TEMPO.CO, Madiun-Surat Wiyoto, 58 tahun, merupakan salah seorang penangkar burung merak hijau (Pavo muticus) yang nyaris punah. Jumlah merak hijau yang kini berada di kandang penangkaran warga Desa Suko, Desa Tawangrejo, Kecamatan Gemarang, Kabupaten, Madiun ini sebanyak 18 ekor. "Ada yang dalam satu kandang berisi tiga ekor dan satu ekor," kata Surat, Sabtu, 14 Februari 2015.
Merak-merak itu ditempatkan dalam kandang bambu terpisah-pisah di belakang, samping dan teras rumah Surat. Tiga merak berada di salah satu kandang yang disekat anyaman bambu dengan luas 3 x 3 meter. "Untuk kandang sebenarnya kurang luas," kata dia.
Baca Juga:
Tiap hari Surat memberi makan piaraanya dengan pelet, bekatul, rayap, beras merah dan jagung sebanyak dua kali. Selain itu, vitamin juga menjadi asupan tambahan di luar makanan. Apabila ada merak yang terindikasi sakit, seperti mengeluarkan lendir dari paruhnya, Surat segera mengobatinya. "Saya membeli obatnya di Caruban," ujarnya kepada Tempo.
Untuk membeli pakan merak, Surat mengeluarkan uang antara Rp 800 ribu - Rp 900 ribu per bulan. Duit itu merupakan sebagian dari penghasilannya sebagai buruh tani dan beternak ayam. Apabila kepepet, Surat merelakan kambingnya dijual untuk membeli pakan merak.
Penangkaran merak yang dilakukan Surat berlangsung sejak 1998, atau berawal saat dia mencari rumput pakan kambing di hutan wilayah Resor Pemangkuan Hutan Sampung, Bagian Kesatuan Pemangkuan Hutan Caruban, Kesatuan Pemangkuan Hutan Saradan.

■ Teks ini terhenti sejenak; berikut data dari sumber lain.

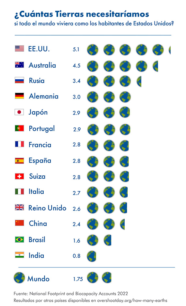 A nivel mundial, con la media de todos los países, el último cálculo disponible, el de 2024, marcó el 5 de junio como día de sobrecapacidad global, es decir, 1,75 planetas consumidos. Si te preguntas cómo es posible consumir más de 1 planeta, a pesar de que solo tengamos uno, es porque, como te contábamos más arriba, vivimos lapidando las reservas de la Tierra.

Pulang mencari rumput ia menemukan empat butir telur dengan diameter sekitar lima sentimeter. Telur-telur itu lalu dibawa pulang. Sesampai di rumah, telur itu dimasukkan ke kandang ayam agar ikut dierami. Sekitar tujuh hari berselang, telur menetas, terdiri dari dua jantan dan dua betina. Beberapa waktu kemudian dua pasang merak ini kawin dan menghasilkan telur masing-masing empat.
Seiring berjalannya waktu, merak milik Surat rutin bertelur di antara bulan Agustus, September, dan Oktober setiap tahunnya. Telur itu merupakan hasil perkawinan indukan merak yang masih sekerabat (inbreeding). Menurut Surat, dari sekitar 150 telur, tak lebih dari 70 telur yang berhasil menetas dan tumbuh menjadi merak dewasa. "Banyak yang mati," ujarnya.
Joko Dwiyono, salah satu petugas Bidang Konservasi Sumber Daya Alam Wilayah I Madiun mengatakan burung hasil inbreeding umumnya rentan penyakit dan gampang mati. "Agar penangkaran merak yang dilakukan Pak Surat bisa lebih berhasil, maka perlu pertukaran indukan dengan penangkar lain," ujarnya.